### WHAT IS BEING ASKED
Copy nothing but the lines from the opening of the entries through the line that contains "智通财经APP获悉,蚬壳电业", exactly as written. Drop the pictures.

### AVAILABLE DATA
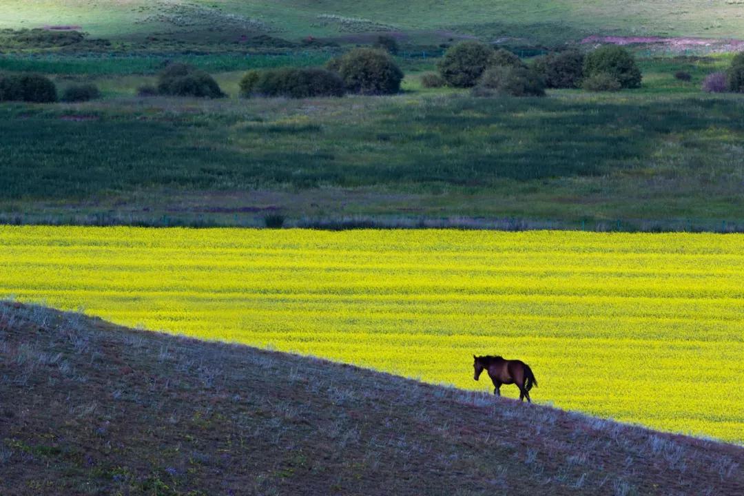 昭苏雪山下的油菜花开始慢慢苏醒;
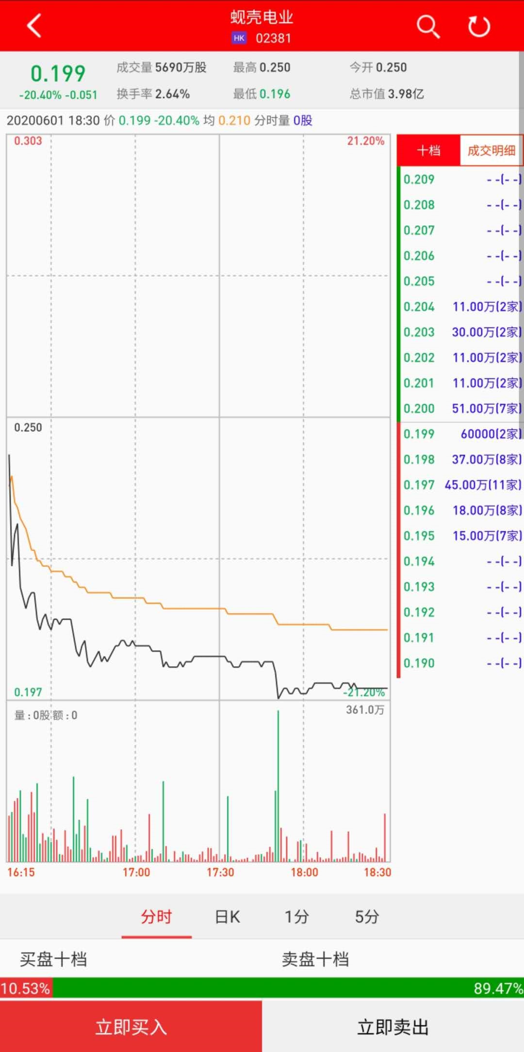 智通财经APP获悉,蚬壳电业(02381)将于6月2日挂牌,利弗莫尔证券资料显示,截至暗盘收盘,报价为0.199港元,较招股价0.25港元下跌20.40%。每手10000股,不计手续费,每手亏510港元。
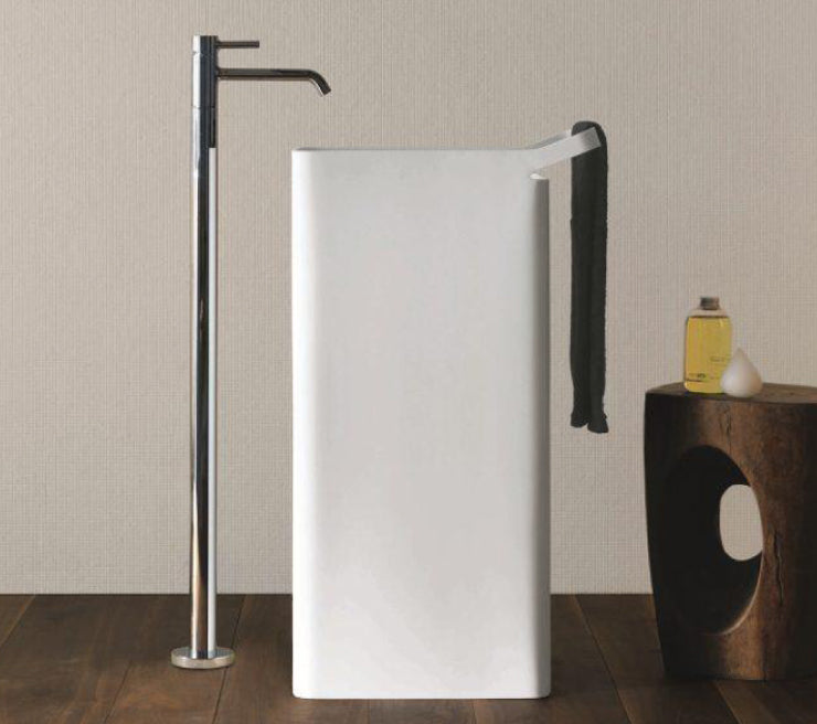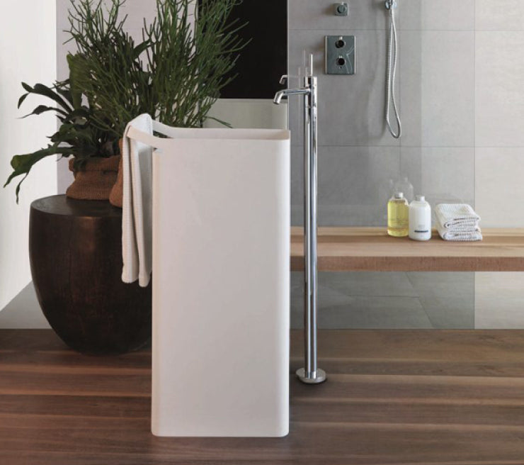 LAB 03 della collezione Lab di KOS è un lavabo in Pietraluce free standing in Cristalplant con scarico a pavimento e maniglia portasalviette, completo di kit per fissaggio a pavimento (7L031BI). Lab Collection è una serie di lavabi free standing e appoggio caratterizzati da uno shaping ibrido. Scultorea complessa architettonica nella forma e nel materiale Lab Collection offre un'ampia versatilità funzionale: monoblocco free-standing componibile free-standing appoggio. Un vero e proprio progetto di architectural-design per un ambiente bagno sofisticato ed elegante. Awards: Compasso d’Oro ADI 2011; Segnalazione ADI Design Index 2010.
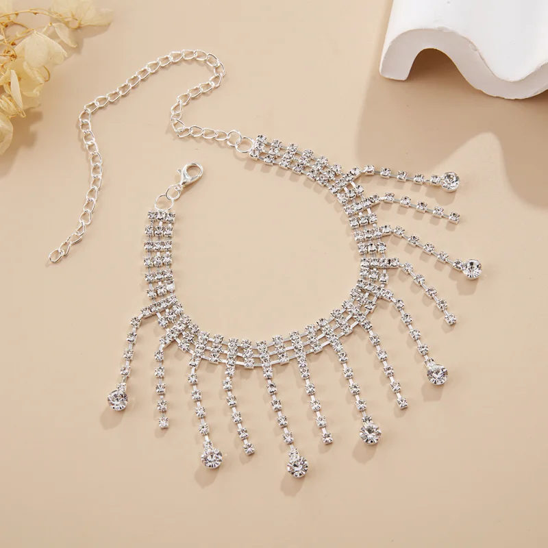 Immerse yourself in elegance with this exquisite silver anklet, designed to elevate your style for summer, beach outings, or special occasions. Featuring a trendy double-layer construction, it showcases a delicate, horizontal chain adorned with sparkling cubic zirconia stones. Dangling water droplet-shaped strands with varying lengths create a dynamic, textured look that catches the light beautifully. The shiny silver finish enhances its modern and sophisticated appeal, seamlessly blending fashion with comfort. Crafted from durable zinc alloy and glass materials, this anklet offers lightweight wear without sacrificing quality. Its secure fit contours perfectly around your ankle, making you feel confident and stylish wherever you go. You will love how this piece complements your bare skin and enhances your natural beauty.
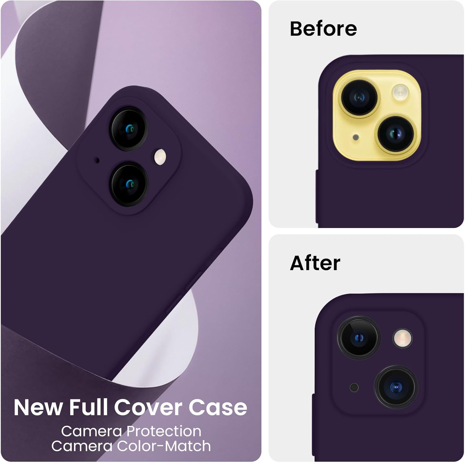 FireNova Designed for iPhone 14 Case, Silicone Upgraded [Camera Protection] Phone Case with [2 Screen Protectors], Soft Anti-Scratch Microfiber Lining Inside, 6.1 inch, Purple
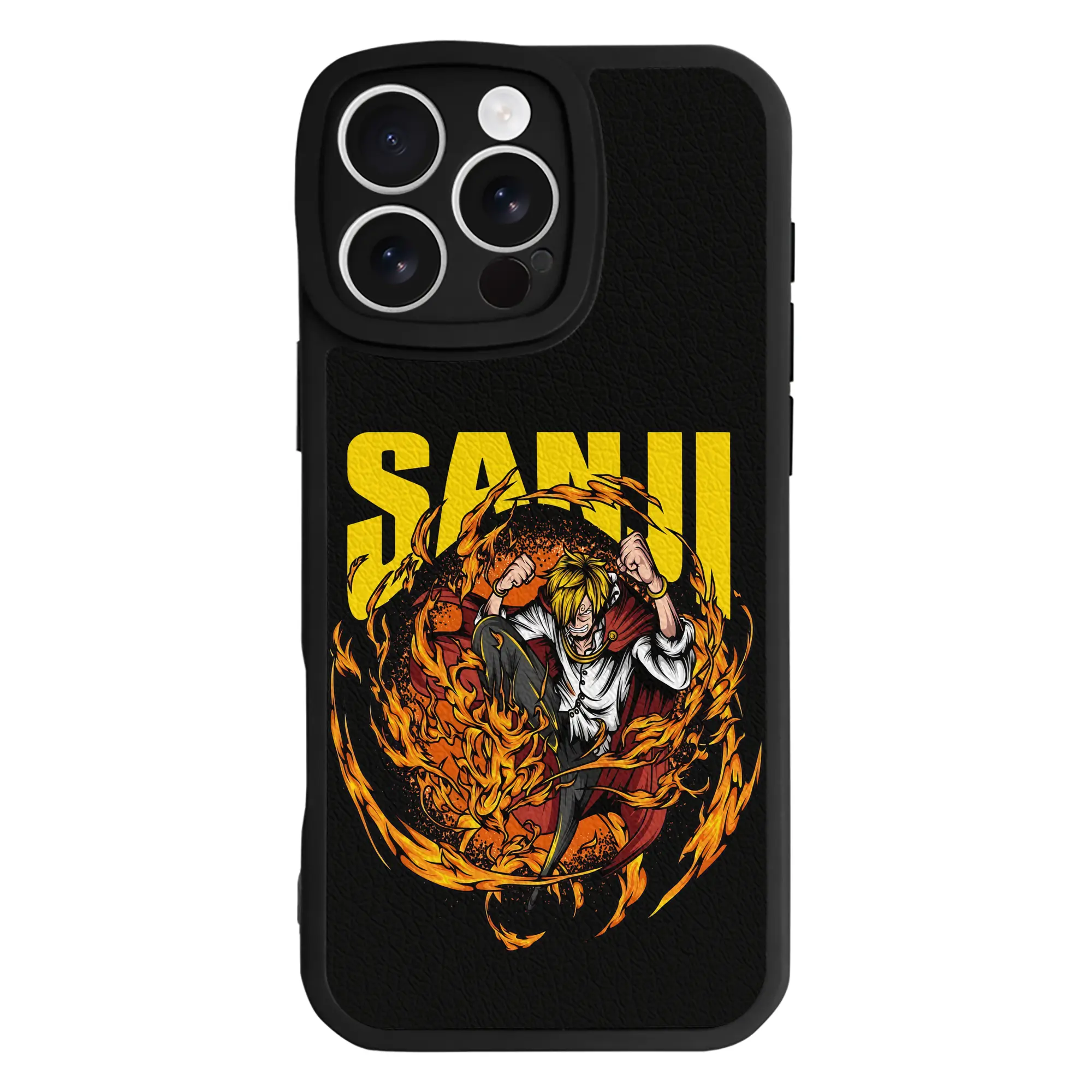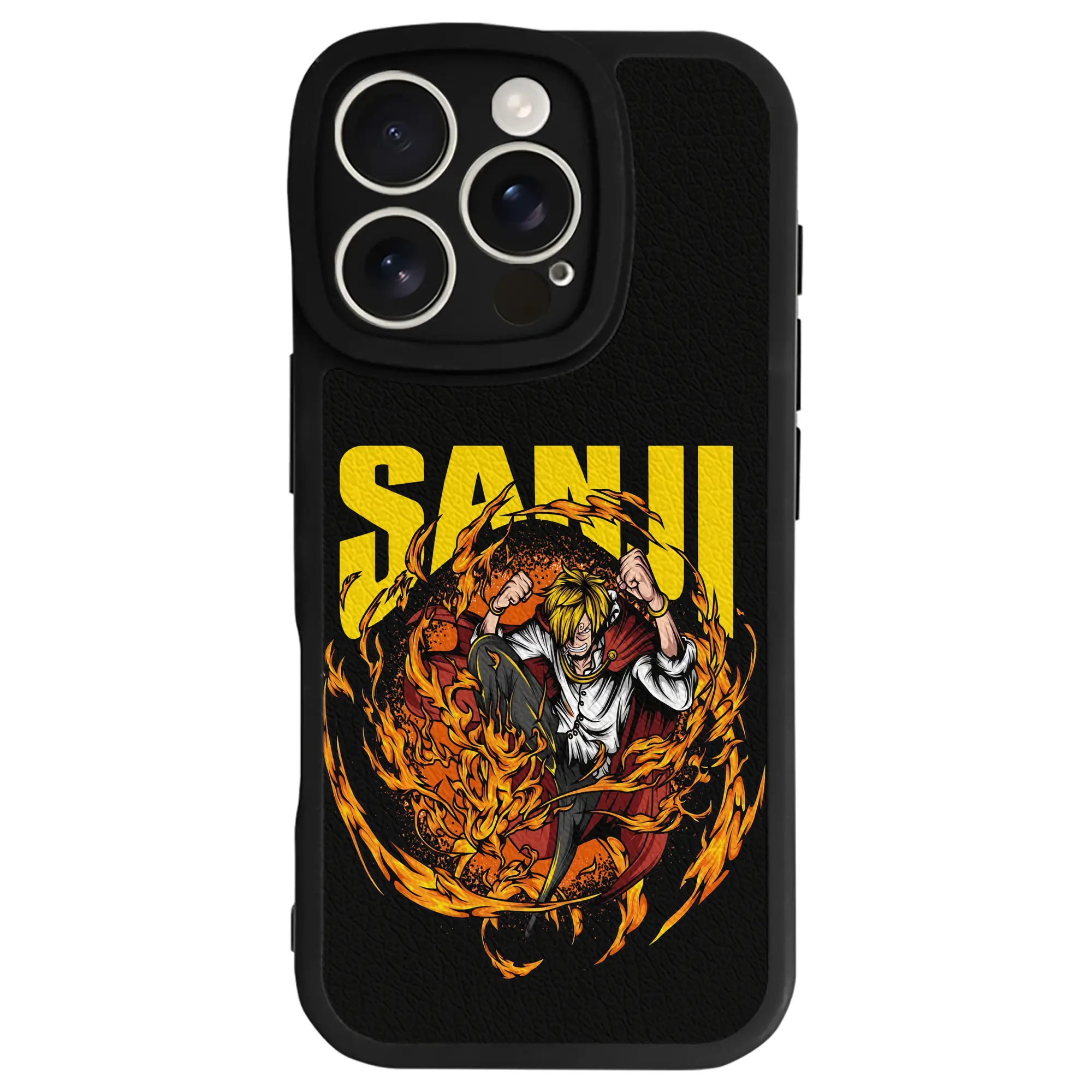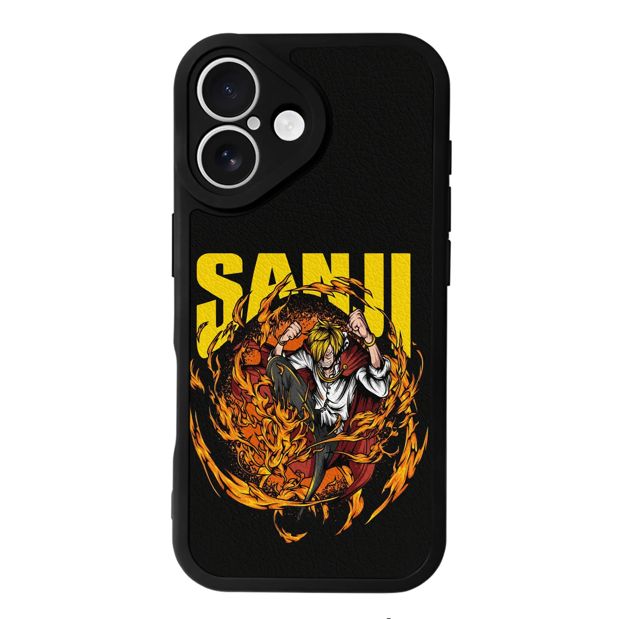 ワンピース グッズ ヴィンスモーク・サンジ - IPhone 16シリーズ対応 ・ シリコンスマホケース ・ レザー調 ・ 高精度フィット ・ 耐衝撃 ・ ワイヤレス充電対応 ・ 精密カット
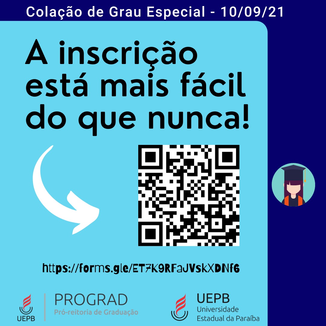 A Pró-Reitoria de Graduação (PROGRAD) da Universidade Estadual da Paraíba (UEPB) está com inscrições abertas, até o dia 30 de agosto, para os formandos interessados em participar da solenidade de Colação de Grau Especial do período letivo 2020/2, que será realizada no dia 10 de setembro, às 10h30. O evento será realizado de forma on-line, com transmissão ao vivo pela Internet através do canal Rede UEPB no YouTube, e pelo Facebook Oficial da Universidade.
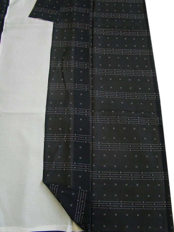商品説明 | こちらのお品は夏物でございますので、7月~8月にお召頂ければと思います。 「紗」と言えば、絽と双璧を成す夏のお着物の生地で、 その最大の魅力は絶妙の透かし加減でございます。 清涼感溢れる地の風を通すしなやかさは、夏に着物を着るという贅沢を 快適に愉しませてくれる事でしょう。 着物には、大きく分けて「袷(あわせ)の着物」と「単衣(ひとえ)の着物」と「夏着物」があります。 反物(表地)を着物に仕立てるときに、裏地類をつけるものを袷の着物、 つけないものを単衣の着物と呼び、胴裏や八掛といった裏地がつかない一枚ものの着物です。 また裏地がないため、座る時などにヒップのラインが目立たないよう、 居敷当て(いしきあて)の生地をつけることもあります。 居敷当ては付いておりません。 とてもしなやかなさらっとした肌触りが極上の着心地を誘う滑らかな「紗」の生地、 黒色地に白色の絣柄、裄が少し長めです、 女性の美しい表情と凛とした麗しさを醸す洒落感高い印象を身に着ける逸品です。 |
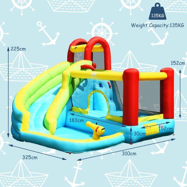 Reinforced Structure and Oxford Surface: The water slide is composed of echo-friendly 420D Oxford cloth with high strength that will bear weight up to 135 kg. Moreover, the sliding and climbing area are tightly sewed with reinforced 800D cloth that has no irritating odour and does no harm to your child’s skin. ASTM certificated.

### RESPONSE BELOW
 昭苏雪山下的油菜花开始慢慢苏醒;
 智通财经APP获悉,蚬壳电业(02381)将于6月2日挂牌,利弗莫尔证券资料显示,截至暗盘收盘,报价为0.199港元,较招股价0.25港元下跌20.40%。每手10000股,不计手续费,每手亏510港元。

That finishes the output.